Figure 2. RBPMS regulates AS in PAC1 cells.

(A) Schematic of experimental design of RBPMS knockdown and overexpression in PAC1 cells. (B) Western blots for RBPMS in PAC1 knockdown, left, and inducible lentiviral overexpression, right. FLAG antibodies were also used for the overexpression of 3xFLAG tagged RBPMS. GAPDH and TUBULIN were used as loading controls. (C) MA plots of alterations in mRNA abundance in PAC1 dedifferentiation, left, RBPMS knockdown, middle, and RBPMS A overexpression, right. Dark gray: genes with significant changes (p-adj <0.05). Light gray: genes with p-adj ≥0.05. Red: Rbpms, Rbpms2 and the SMC marker, Acta2. Numbers of up and down-regulated are shown at top and bottom. Horizontal lines; log2 fold change = 1 and −1. (D) AS changes (FDR < 0.05 and ΔPSI greater than 10%) in PAC1 cell dedifferentiation, left, RBPMS knockdown, middle, and RBPMS A overexpression, right. ASE were classified into skipped exon (SE), mutually exclusive exon (MXE), alternative 5′ and 3′ splice site (A5SS and A3SS) and retained intron (RI) by rMATS. Numbers indicate the number of significant ASE of each event type between the conditions compared. (E) Sashimi plots of selected ASEs. Ptprf is shown as a differentiated cassette exon (green), Piezo1 as a proliferative cassette exons (blue) and Actn1 as a MXE. The numbers on the arches indicate the number of reads mapping to the exon-exon junctions. PSI values for the ASE are indicated for each condition. Values correspond to the mean PSI calculated by rMATS. In the case of the Actn1 MXE, the percent inclusion of the SM exon is shown (PSI-SM). Schematic of the mRNA isoforms generated by the alternative splicing are found at the bottom as well as the chromosome coordinates. (F) RT-PCR validation of ASEs from panel E. Values shown are the mean of the PSI ± standard deviation (n = 3). Statistical significance was calculated using Student’s t-test (*p<0.05, **p<0.01, ***p<0.001). See Figure 2—figure supplement 3 for more ASEs validated in the RBPMS knockdown and RBPMS A overexpression by RT-PCR.

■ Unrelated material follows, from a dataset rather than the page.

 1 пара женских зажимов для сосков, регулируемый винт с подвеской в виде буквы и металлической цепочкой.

Figure 2—figure supplement 1. Principal Component Analysis of PAC1 RNAseq samples and overlap of genes regulated at the splicing and abundance levels.

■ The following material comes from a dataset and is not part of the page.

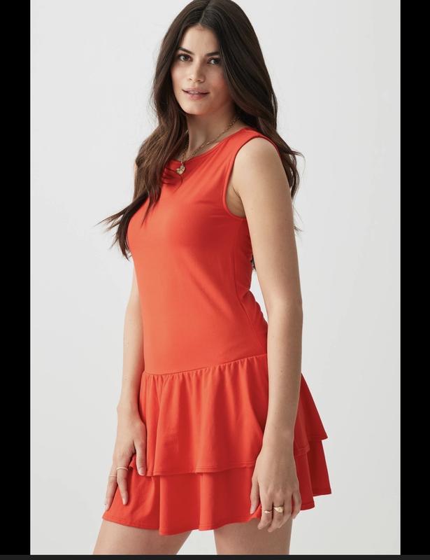 Стильна та ніжна сукня від Topshop у яскравому кораловому кольорі. Ідеальний варіант на літо або теплу весну. Модель без рукавів, з акуратним круглим вирізом і легкою спідницею з воланом, яка красиво лягає по фігурі та додає образу легкості й жіночності. Тканина приємна до тіла, добре тримає форму та виглядає дуже ефектно. Підійде як для повсякденних прогулянок, так і для побачення, відпочинку чи подорожей. 📏 Заміри: • ПОГ — 42 см • Довжина — 82 см Сукня виглядає яскраво та свіжо, гарно поєднується з кедами, сандалями або босоніжками. Стан гарний. 💕

(A) Principal Component Analysis (PCA) based upon mRNA abundance variance of RBPMS knockdown (D Ctr and D KD) and overexpression (P Ctr and P OE) replicates. (B) Schematics of the different AS types detected by rMATS. (C) Overlap of the number of genes affected at the levels of mRNA abundance and AS in the PAC1 dedifferentiation and RBPMS knockdown and overexpression comparisons.

Figure 2—figure supplement 2. AS changes of SM genes are specific to RBPMS expression.

(A) Validation of lack of regulated splicing in lentiviral control populations (P LV) upon doxycycline treatment. (B) Validation of a second RBPMS siRNA (KD2, Stealth siRNAs, Thermo Fisher Scientific (RSS363829): CGCUUCGAUCCUGAAAUCCCGCAAA). Western blot probing for RBPMS in differentiated PAC1 cells treated with one of the siRNAs. GAPDH was used as a loading control in the western blot. RNAs were extracted and RT-PCR carried out to validate the ASE previously characterized for KD1. In (A) and (B), values shown are the mean ± sd of PSI (n = 3). Statistical significance was calculated using Student’s t-test (*p<0.05, **p<0.01, ***p<0.001).

Figure 2—figure supplement 3. ΔPSI values determined by RT-PCR and RNA-Seq show good agreement.

(A) Validation of differentiated and proliferative cassette and mutually exclusive splicing events by RT-PCR for both RBPMS knockdown and overexpression. Schematics indicate the splicing isoform corresponding to the PCR product. Values shown are the mean ± sd of PSI (n = 3). Statistical significance was calculated using Student’s t-test (*p<0.05, **p<0.01, ***p<0.001). (B) PSI correlation between the estimated ΔPSI from the rMATS analysis of the RBPMS knockdown and overexpression RNAseq experiments and the observed ΔPSI from the RT-PCR validations of RBPMS experiments (n = 28). Black line indicates the linear regression model. For statistical significance, a Pearson correlation test was carried out in RStudio and the results are shown in the right corner of the plot. r2 is the correlation coefficient and the p-value indicates the statistical significance of the correlation.